As much as fans can be passionate at Comic-Con, they can also be equally critical. They didn't love X-Men Origins: Wolverine. How do you feel about hearing from them this week?
I'm never afraid of that. I think the fans know I'm so grateful and very blessed to play the part. I love them. We try our hardest to get everything right, and I'm happy to hear from them. I learn from them. One of the main things I hear from fans all the time is we don't see enough of the berserker rage, and I really took that to heart because, to me, that is one of the key things I love about Logan.
For everything that's different about this Wolverine film, there's once again a scene that finds Logan naked in a giant tub, even though the circumstances this time are very different from past X-Men movies. Is this something you're stipulating in your contract now?
Look, all I say is it has to be a minimum of a minute. It's only a minute. That's all. I love a bit of nudity. It's a funny scene. The movie is darker in tone, and more restrained in a way. As long as we can get away with it, it's nice to have those fun moments. In all seriousness, no, it's not in my contract.
X-Men: Days of Future Past will be your seventh time playing this character. How long do you think you can keep going as Wolverine?
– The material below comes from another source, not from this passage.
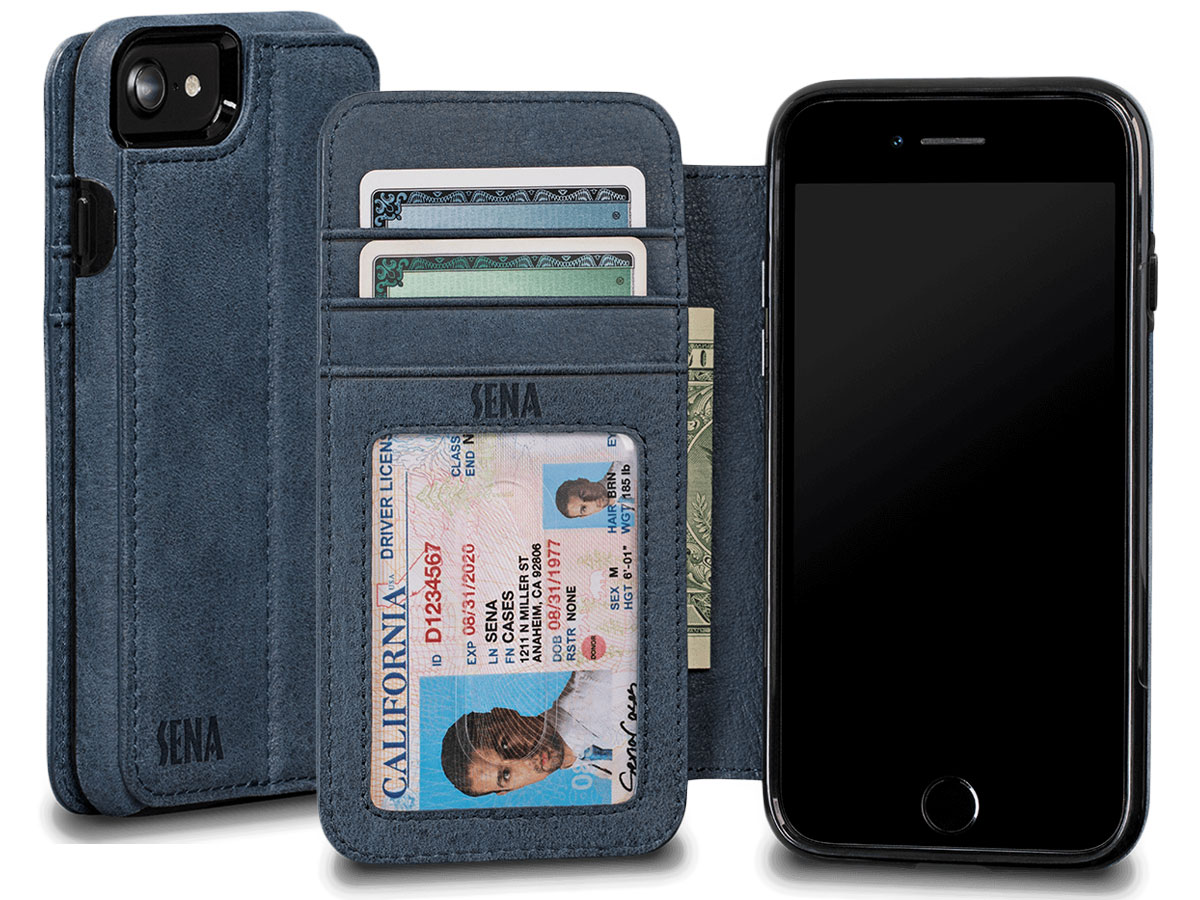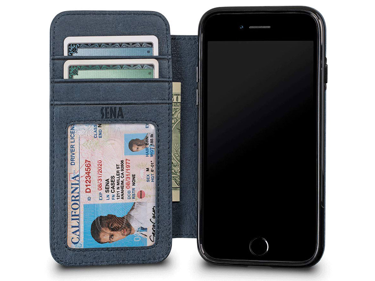 Sena Bence WalletBook Blauw Leer - iPhone SE / 8 / 7 hoesje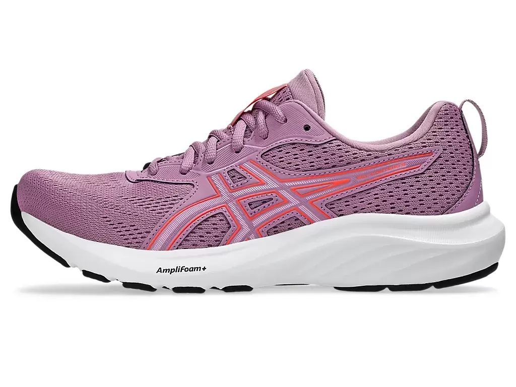 The midsole features GEL® technology and AMPLIFOAM+ cushioning. These technologies help increase durability while creating a softer feel underfoot.

You may find it surprising to hear, but I'm loving it and feeling rejuvenated by it. For me, and I'm well aware there's way greater powers at play than me and my decision, it's more about 'do I still have something to offer to it? Is there something different we can explore? Is there a reason to tell another story?' Without that, I won't do it. Secretly, I know it'd be like achieving peace in the Middle East, but I would love a way for all the Marvel characters to come together.
What's it been like reuniting on Days of Future Past with everyone from the original film? You filmed it in the 90s!
I think [original X-Men director] Bryan [Singer] reconfigured the image of comic book movies with that thing. Having him back is really exciting. The first month of shooting, because Patrick [Stewart] and Ian [McKellen] were off doing a play, was literally all the old actors all together. It was like a reunion, and then all of a sudden it shifted, and in came this younger ensemble of incredible actors [from X-Men: First Class]. I just get to be there every day working opposite all of them.
Do you ever see yourself passing on the role of Wolverine to a younger actor?
Sure, Wolverine is like Bond. These roles are greater than I am as an actor. It will always live on and outlive me. It'll be passed on, and I'll be in the old people's home, showing my old movies and telling anyone who will listen that I was much better than whoever is playing it now.
In all seriousness, it's the way it should be. I would be sad to think if I stopped playing it, Wolverine wouldn't be seen. It's too good a part.